= Joshua Nelson (singer) =

Hasidic Black and Jewish gospel-fusion singer

Joshua Nelson (ג'ושוע נלסון) is an American gospel singer and Hebrew teacher.

==Biography==
===Background===
Joshua Nelson is Black and Jewish and he goes by the nickname “the prince of kosher gospel,” and he has called himself "the KKK's worst nightmare." His grandparents emigrated to the US from Senegal, and he became fascinated with music when he was 8, while living in Brooklyn. His fascination lasted after he graduated from Newark's Performing Arts High School. Nelson was the high school's official soloist for the 4 years he studied there.
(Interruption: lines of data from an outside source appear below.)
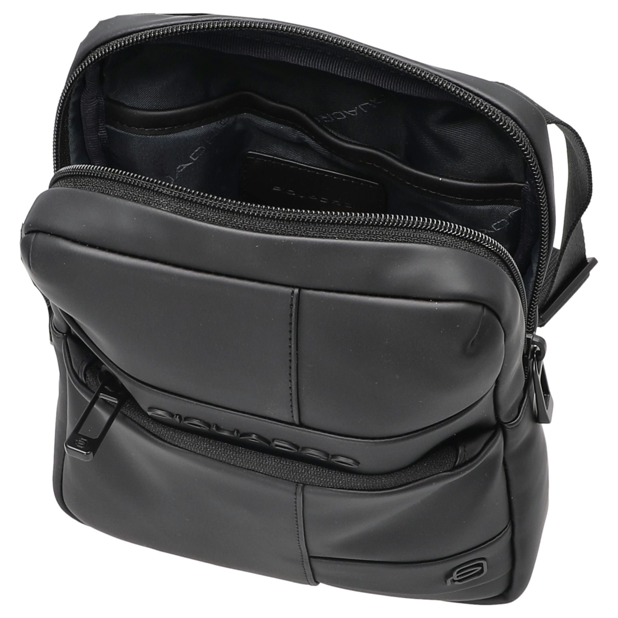 Die Piquadro Wollem Umhängetasche in elegantem Schwarz ist ein stilvoller Begleiter für modebewusste Frauen, die Wert auf Funktionalität und Design legen.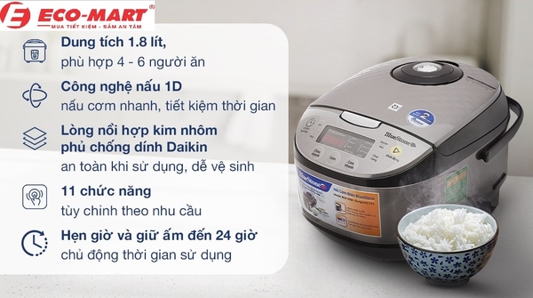 Nồi cơm điện 1,8L phù hợp với gia đình từ 4-6 thành viên, hôm nay, hãy cùng siêu thị điện máy Eco-mart tham khảo top 3 nồi cơm điện 1,8 Bluestone nhé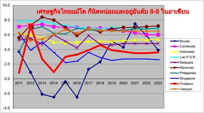 2. เศรษฐกิจไทยในช่วงปี 2558-2561 เพิ่มขึ้นบ้างก็เพราะผลพวงของการเพิ่มขึ้นทั่วทั้งภูมิภาค แต่ไทยโตเป็นอันดับรองบ๊วย คืออันดับที่ 8 จาก 10 ประเทศอาเซียน ที่อันตรายกว่านั้นก็คือ IMF ได้คาดการณ์เศรษฐกิจไทยไว้แล้วว่า ในช่วงปี 2562-2566 เศรษฐกิจไทยจะมีอัตราการเจริญเติบโตตกต่ำลงมาเป็นอันดับที่ 9 ชนะเพียงสิงคโปร์เท่านั้น แสดงว่าทางราชการไม่ประสบความสำเร็จในการแก้ปัญหาเศรษฐกิจชาติหรือไม่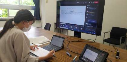 本日は土曜授業ですが、生徒の皆さんは自宅からオンラインで授業を受けています。先生たちは、デジタル教科書やパワーポイント、黒板など様々なツールを駆使し、工夫を凝らしながら各教科の特性や得意分野を生かして授業をしていました。生徒の皆さんがぐんぐん成長しているように、先生たちも“学びを止めない”ために、日々進化していきます!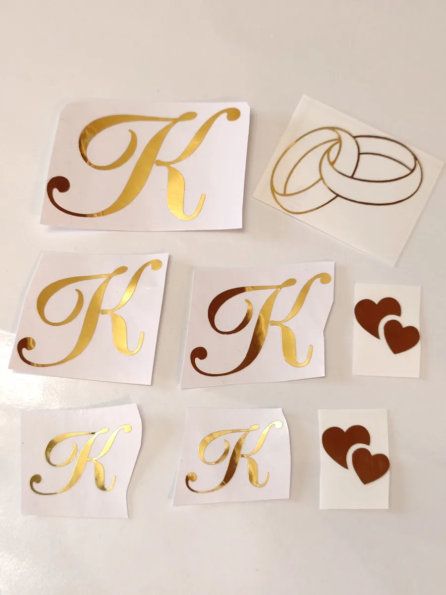 Почему наклейки из зеркального золота инициалы – отличный выбор для украшения бутылок и бокалов? Они добавят изысканности и блеска Вашему мероприятию, придавая ему особую изюминку. Эти наклейки идеально подходят для нанесения на любые бутылки и свадебные фужеры с гладкой поверхностью. Благодаря специальной клеевой основе они легко фиксируются на поверхности. Вы сможете их использовать не только для стеклянной посуды, но и для окрашенных поверхностей, создавая уникальные декорации. Идеальный выбор для свадебных торжеств. Эти декоративные элементы помогут создать особую атмосферу романтики и подчеркнет статус торжества. В наборе 8 штук наклеек, инициалы для свадебной казны, бутылок, фужеров, а также наклейка колец и сердец. Размеры наклеек отлично подходят под стандартные размеры свадебных аксессуаров, благодаря этому вы сможете создать гармоничный и стильный дизайн, соответствующий атмосфере и особенностям Вашего мероприятия. В карточках товаров магазина можно выбрать любые инициалы алфавита. Очистите бутылки от этикеток. Осторожно отделите прозрачную с наклейкой от белой подложки чтобы все элементы остались на прозрачной пленке. Нанесите наклейку на выбранное место, аккуратно разгладьте. Удалите прозрачную пленку. свадебные наклейки на бутылки; наклейки на бокалы; наклейки на шампанское свадебное; шаблоны свадебных наклеек; свадебные наклейки купить; наклейки на свадебные бокалы; наклейки на свадебные бутылки; свадебные наклейки на бутылки шампанского;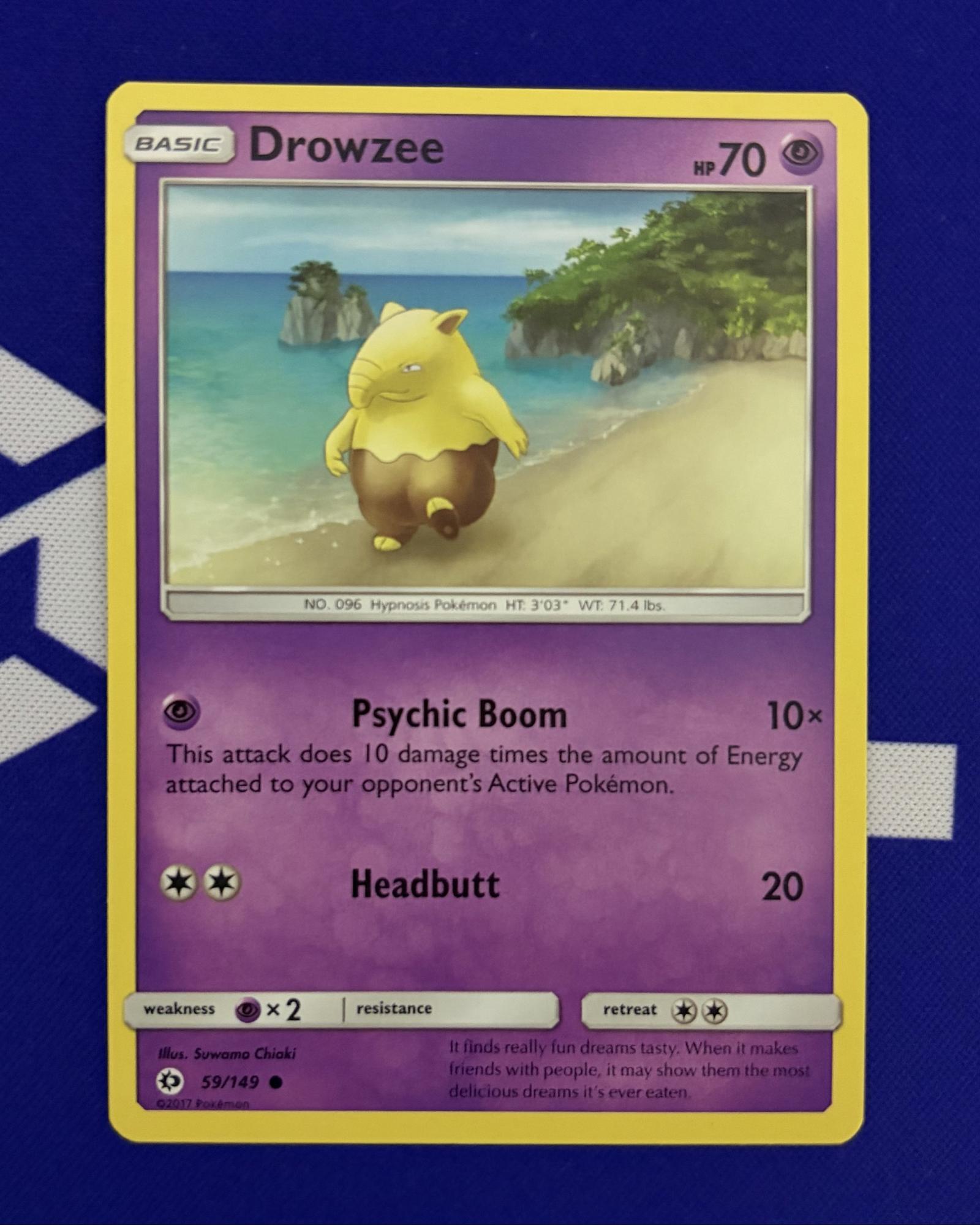 Drowzee card number 59/149 from the Sun & Moon set. Illustrator: Suwama Chiaki. This is a common, non-foil, normal print card featuring the Psychic Boom and Headbutt attacks. It is playable in casual and some competitive decks due to its attacks. No special treatments or grading applied.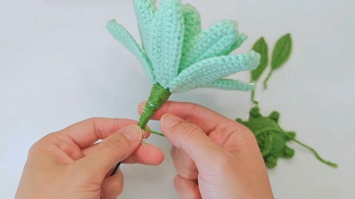 - Chain 1 to secure, then wrap yarn around craft wire ends to hide.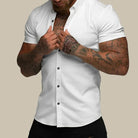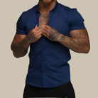 Tämä kapea paita yhdistää modernin tyylikkyyden ja mukavuuden. Se on valmistettu korkealaatuisista stretch-materiaaleista, jotka tarjoavat joustavuutta ja hienostunutta ilmettä. Lyhyet hihat antavat elegantin ja rentoutuneen leikkauksen, joka on ihanteellinen lämpimiin päiviin.
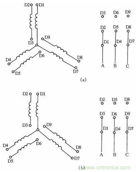 圖8所示是2Y/2Y電動機雙速定子線組的引出線接線方法。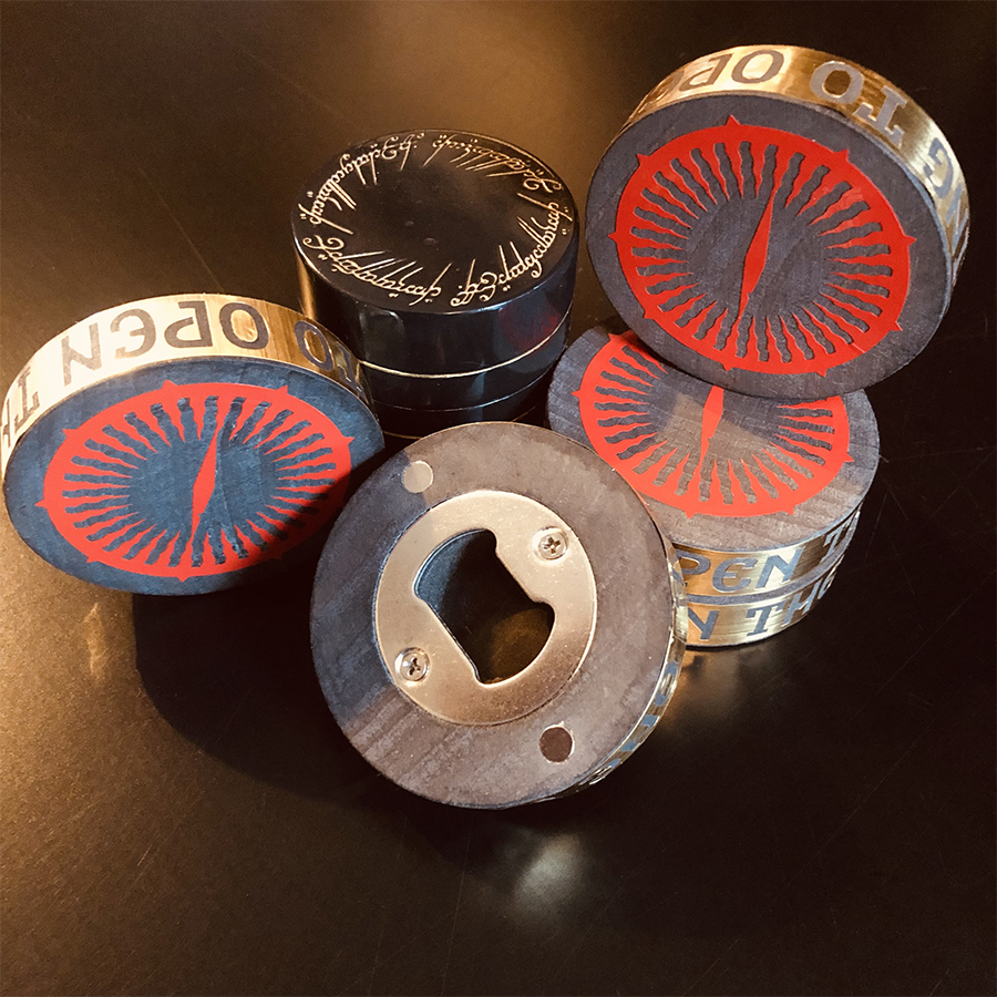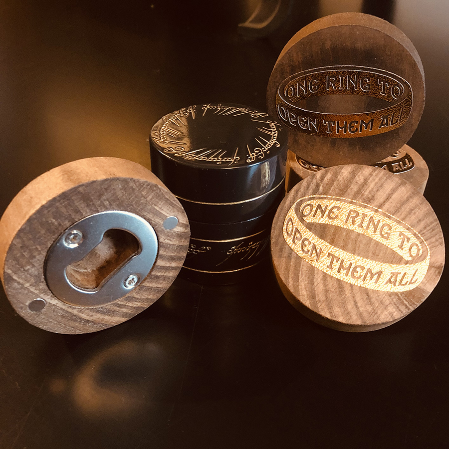 Ein Ring sie alle zu öffnen! Dieser praktische Kapselheber, aka Flaschenöffner, aus Holz hat neben seiner speziellen Fähigkeit des Öffnens allerlei Flaschen magischen und weltlichen Inhalts das besondere Talent, an magnetischen Flächen, wie Kühlschränken, zu haften. Diesen Schatz wollen wirklich alle in ihren Besitz bringen!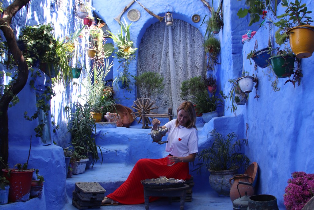 CHEFCHAOUEN – Questo villaggio di montagna dalla pronuncia impegnativa si trova sotto le cime del Rif. Famoso per il colore acceso con cui sono verniciati tutti i muri delle vie del centro, ma anche le case e i negozi, le strade e le scale, colpisce per il suo carattere pittoresco, ma allo stesso tempo autentico. Alcuni vicoli sono spogli, ornati solo di azzurro e bianco, altri sono decorati da piccoli vasi gialli o rossi e piantine, altri ancora strabordano di borsette in pelle, babucce, tappeti e foulard variopinti; molti sono gli artigiani e i sarti del Marocco, altrettanti i venditori ambulanti e i negozianti. Sempre sullo sfondo, di ogni vicolo, in ogni angolo, o via principale, il suo colore predominante, tanto da valergli la nomina di “perla blu del Marocco”. Se non si è accompagnati, qui è comunque bello, e neppure rischioso, perdersi tra le viuzze, dove si incontrano le influenze architettoniche marocchina e spagnola. La piazza al centro è un ottimo riferimento. Al mattino presto gironzoliamo prima della luce accecante del mezzogiorno, per curiosare ovunque nella medina, in cerca di scorci caratteristici, trovati con facilità un po’ in ogni dove. Ci facciamo accompagnare dal receptionist dell’hotel, Youssef. Ci tratta come un caro amico, portandoci nei luoghi segreti e più instagrammabili della città. Qui è davvero impossibile smettere di fotografare. Nel primo pomeriggio, sazi di blu, azzurro, celeste, dei giochi di ombre e luce del sole a picco dell’estate e dell’Africa, ripartiamo in van.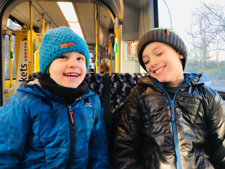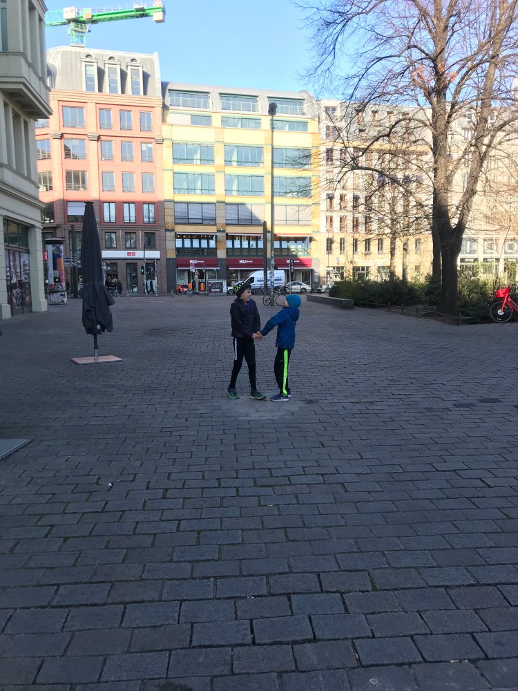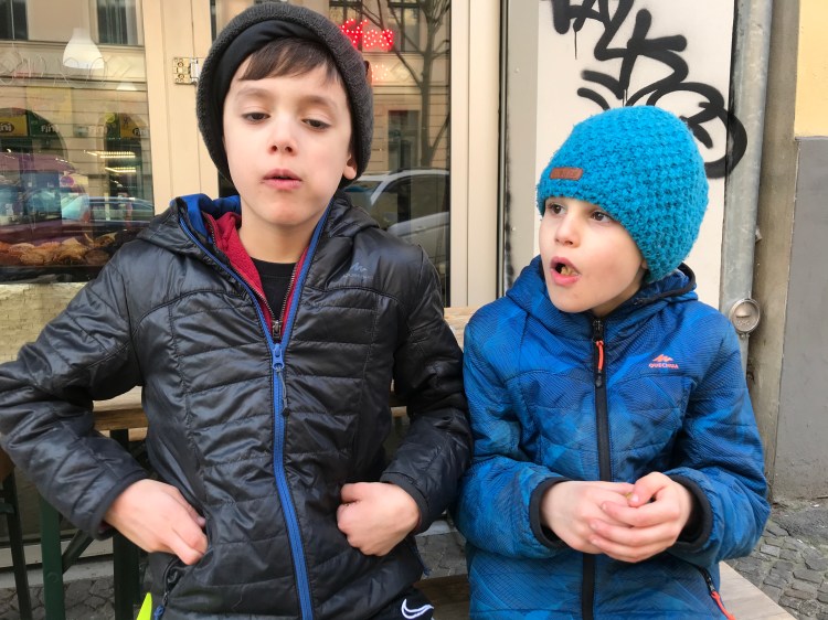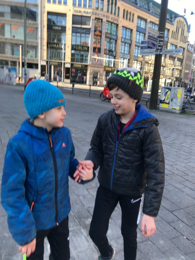 As we continued towards Kollwitzplatz, we bumped into our Berlin building neighbors (originally from Atlanta) who had just come from Brammibal’s Donuts – the boy’s favorite donut shop in Berlin. It was open and would be a great place to go as it would require a 4K round trip walk from our apartment.

He went on to do a 2-year college and kibbutz program in Israel studying at the Hebrew Union College as well as at the Hebrew University of Jerusalem.

While attending Hebrew University, he started blending Hebrew texts with gospel melodies and arranging Jewish hymns in gospel style, resulting in solo CDs like "Hebrew Soul" (2004) and "Mi Chamocha" (2005).

Both of Mr. Nelson’s parents are Jewish, and his family attended temple at a black synagogue in Brooklyn, then switched to Sharey Tefilo-Israel, in South Orange, New Jersey, a reform synagogue with a liberal reputation.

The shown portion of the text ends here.